PR legend Jack Felton died Saturday at 84. You know what I remember about Felton? Exactly everything he wanted me to take away from our only meeting.
In a warm and enthusiastic way, he was talking about the importance of communication.
He had a glass of water at the lectern and a piece of litmus paper in his hand.
He dipped the litmus paper into the glass, and as he pulled it out, he said—and these were his exact words—"Communication is the litmus test of management's decision-making."
Meaning that, to the extent you have a hard time communicating it, it's probably a bad decision. And if it's easy to get across, it's probably a good decision. So communicators, and management, should use the attempt to conceive the communication of a new policy as a way to evaluate the policy and, if needed, modify it or scrap it altogether.
I accepted that, then and there, as a fundamental truth about our work.

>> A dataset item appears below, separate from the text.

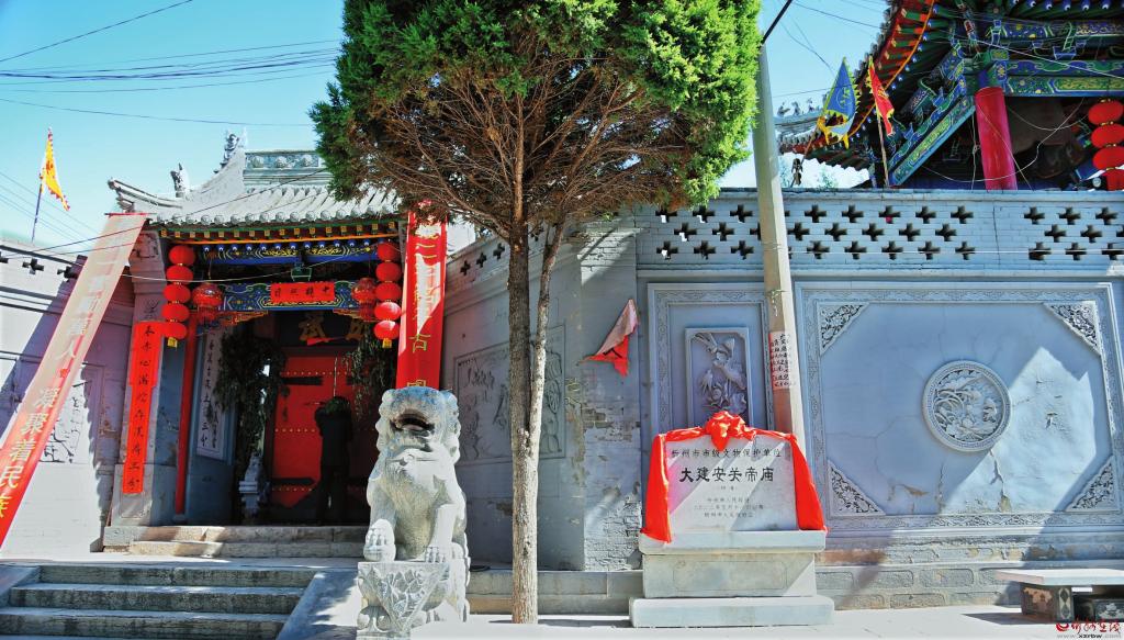 市級文物保護單位——大建安關帝廟 白建斌攝 由于人多地少,許多村民不得不另謀生路,這也推動了當?shù)丶y石開采與加工行業(yè)的發(fā)展。據(jù)史料記載,當?shù)氐募y石開采可追溯到漢代。到了清代,紋石開采加工已成為大建安村百姓農(nóng)閑時的主要生計。中華人民共和國成立后,村里辦起了紋石加工廠,時至今日,采礦業(yè)和手工業(yè)依然在大建安村經(jīng)濟領域占據(jù)重要地位。 人文歷史 (一)文物古建 在大建安村中央有古建筑——大建安天王殿, 始建年代不詳,現(xiàn)存為明代建筑。天王殿坐北向南,占地面積約54平方米。面寬三間,進深四椽,懸山頂,灰瓦布頂。柱頭斗拱把頭交項造。殿內徹上明造,用材規(guī)整,隔架科斗拱,丁樺抹亥斗拱,合踏雕成云形。 大建安村名源于大建安寺,此寺建于北魏,位于村南。在甘肅敦煌莫高窟第61窟,繪有一幅有宋代大建安寺的五臺山圖,從圖中可見當時大建安寺清雅靜穆、土木華章。明正德九年,由高僧明公山主持,于村中重建寺廟。民國初年,被改為沱南兩級小學。解放后,一度為村中電磨坊用地。2002年,寺廟被重新修建。 村西有徐氏祠堂,于1928年破土新建,至1934年竣工,此后經(jīng)過多次維修。祠堂一進兩院,占地面積815平方米。正南有高大照壁一座,左右儀門各一座,斗拱九踩,小懸山頂,灰瓦布頂。大門寬三間,深四椽,硬山頂,灰瓦布頂,中置板門一合,上書“徐氏宗祠”。東西兩側居中各有大門,兩門對稱,照壁兩側兩個古牌樓的牌匾,內外都有木刻草書,東側牌匾外書“報本”,內書“追遠”,西側牌匾反之。正廳門懸“祖德宗功”大匾,字體渾厚,與門匾“徐氏宗祠”均為當時書法大家趙昌燮所書。2003年11月,五臺縣人民政府公布徐氏祠堂為縣級文物保護單位。 (二)民風民俗 五臺縣民風淳樸,大建安村亦如是。每年農(nóng)歷六月二十四有趕廟會的傳統(tǒng),盛傳有“四大會、八小會、七十二個乜乜會”,大都因百姓祈求風調雨順而形成。過會的村鎮(zhèn)搭戲臺,唱大戲,殺豬宰羊作食,邀親呼朋來趕會。古時廟會內容各有特色,如今已演變?yōu)橐晕镔Y交流為主。 大建安廟會眾多,如今以伏水會最負盛名。大建安的伏水會是祭水神祈雨的廟會,也是佛教文化與水神信仰交相融合的產(chǎn)物。在暑伏日前后,由包括大建安村在內的9個村落輪流舉辦。在伏水會期間,還主辦村會,邀請戲班唱戲,并請其余8村的代表共同來祈求風調雨順。同時,村民會置辦涼粉、豆腐等特色食物招待來賓。在大建安人看來,伏水會就如同節(jié)日一般。

Felton also remarked on parenthetically on the litmus paper gimmick, saying that connecting messages to visual things helped people remember them.
Yeah, I guess so.
You know when that meeting took place? Twenty one years ago. It was put on by an organization I don't remember, it was held at some hotel reception to which my 23-year-old ass was sent for reasons long lost to me now.
Aside from trying to pretend I was enjoying my first glass of scotch, I remember only what Jack Felton wanted me to remember—and I remember it as warmly as I remember it well.
Thanks, Jack. We'll take it from here.